Ive tried quite a few of these. The Thermapen is the undisputed champion. Honestly, it’s one of those rare circumstances where there truly is no competition. The classic model seems to go on sale more frequently than the newer model MK4. The classic is great and, fortunately, quite durable, so you’re not replacing it every couple of months.


----------



## Nemo (Feb 20, 2019)

I ended up finding a retailer in Melbourne for Thermapen Mk 4 .

Not cheap but works great. Super fast.

Thanks for the advice everyone.


----------



## Michi (Feb 20, 2019)

massdrop.com has the Javelin PT12 occasionally. I got mine for $25 there.


----------



## Barmoley (Feb 21, 2019)

Nemo said:


> I ended up finding a retailer in Melbourne for Thermapen Mk 4 .
> 
> Not cheap but works great. Super fast.
> 
> Thanks for the advice everyone.


Thermapen mk 4 is the way to go, good choice. It's not like knives and stones, you just need one decent thermometer so just buy one good one and be done with it.


----------



## podzap (Mar 3, 2019)

I ended up buying an MK 4 too, just got it delivered a few days ago. I ordered the glow-in-the-dark condom with magnets to go along with it - nice because you can stick it onto the side of the fridge when not in use.
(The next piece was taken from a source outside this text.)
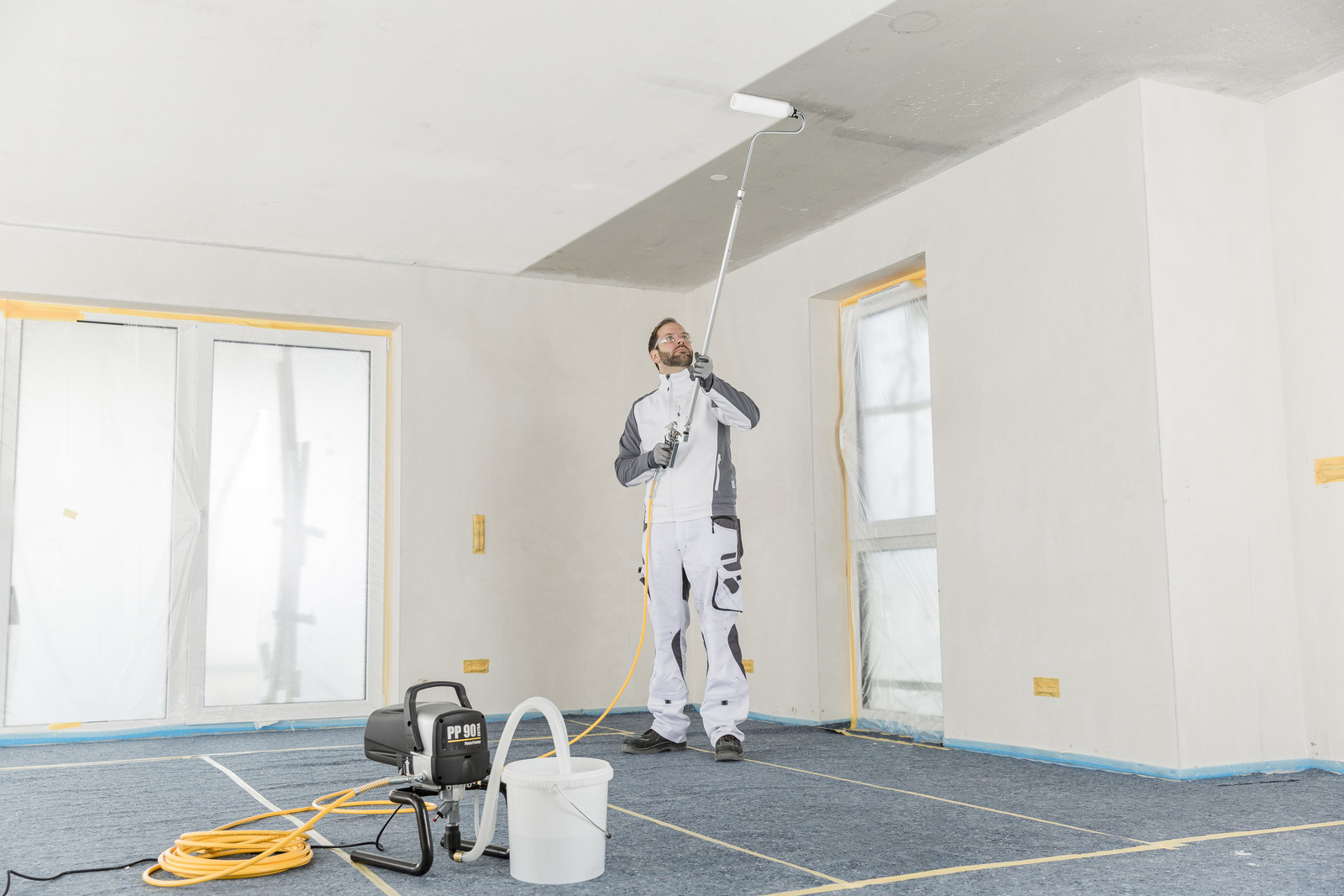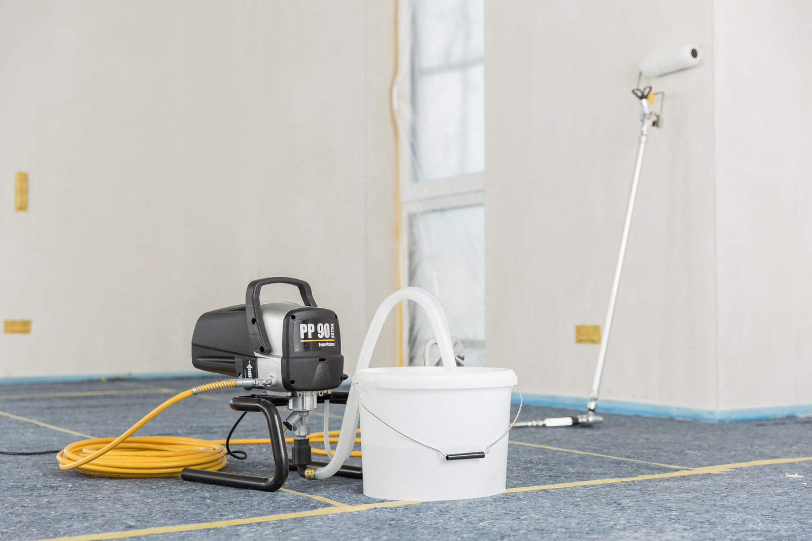 POWERPAINTER 90 EXTRA SPRAYPACK på bæreramme er praktisk: Højdejusterbart teleskophåndtag for nem transport på byggepladsen og pladsbesparende opbevaring. Den har et manometer: Gør det muligt at regulere trykket, så det passer til det aktuelle sprøjtemateriale. Innovativ HEA-dyseteknologi: To dyseboringer direkte efter hinanden sikrer et perfekt sprøjtebillede - også i de lave trykområder - kombineret med et højt materialeflow. Derudover, har den en ventiludløser: Sikrer høj driftsikkerhedog let brug. Et tryk med tommelfingeren og indgangsventil er fri igen.

The thing that really surprised me about the Thermapen MK 4 was the size of it - I fully expected it to be half the size. It is actually quite huge for a handheld thermometer.

So last night, we had the juiciest pork chops I've ever fried in my life - took them off the pan at 58 celcius and straight onto the plate


----------



## Nemo (Mar 3, 2019)

It is pretty good not having to wait 10 plus seconds to measure the temperature.


----------



## podzap (Mar 3, 2019)

And actually be able to test the temp without leaving juice-draining puncture wounds in your meat...


----------



## 5698k (Mar 3, 2019)

Stick with the original..


----------